Abstract

The inflammatory and thrombotic pathways have a crucial role in the development of coronary artery disease, and inflammatory thrombotic markers predict cardiovascular events. Although the atherosclerotic process in type 1 diabetes (T1DM) starts at an early age, little is known about inflammatory markers and clot structure in this population. The aims of this study were to investigate C-reactive protein (CRP), complement C3 (C3) and fibrin clot structure/fibrinolysis in children and young adults with T1DM, the effects of improving glycaemic control on these parameters and complement/fibrin interactions affecting clot structure/function. In 47 children (14±3yrs) C3 levels were higher in T1DM than controls (1.13±0.24 versus 0.83±0.24mg/ml respectively; p<0.001), whereas CRP levels were no different. Clot final turbidity (FT), an indicator of clot density, was higher in diabetes children compared with controls, and lysis time longer (599±18 and 516±17 secs, respectively, p=0.02). In 18 young adults with T1DM (23±5yrs) a 1.3% reduction in HbA1c was associated with a decrease in C3 levels from 1.09±0.05 to 0.96±0.05mg/ml (p<0.05), with no effect on CRP levels.

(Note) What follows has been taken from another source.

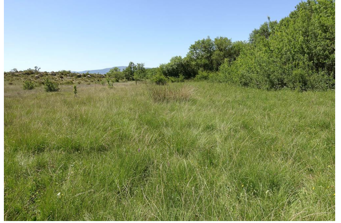
Prairie à orchidées., le 25/05/2017 par Jean-Laurent Hentz.

Improving glycaemic control reduced FT and shortened lysis time from 601±21 to 550±19 secs (p=0.02). Clot FT and lysis correlated positively with C3 plasma levels (r=0.39 and r= 0.585, respectively; p<0.01). C3 incorporation into the plasma clot was 26% and 19% in T1DM and controls respectively, a difference that failed to reach statistical significance. However, clots made from plasma-purified fibrinogen diabetes patients exhibited a 71% increase in lysis time in the presence of purified C3, whereas this increase was only 41% using fibrinogen purified from controls (p=0.03). These results demonstrate that young children with T1DM already have evidence of inflammatory thrombotic processes as indicated by elevated C3 levels, a denser clot structure and prolonged clot lysis times. Interactions between C3 and fibrin occur in non-diabetic subjects, but are significantly enhanced in the presence of diabetes. Improving glycaemic control is associated with reduction in C3 levels and favourable changes in clot structure/function, which is potentially due to a direct effect of C3 on clot lysis.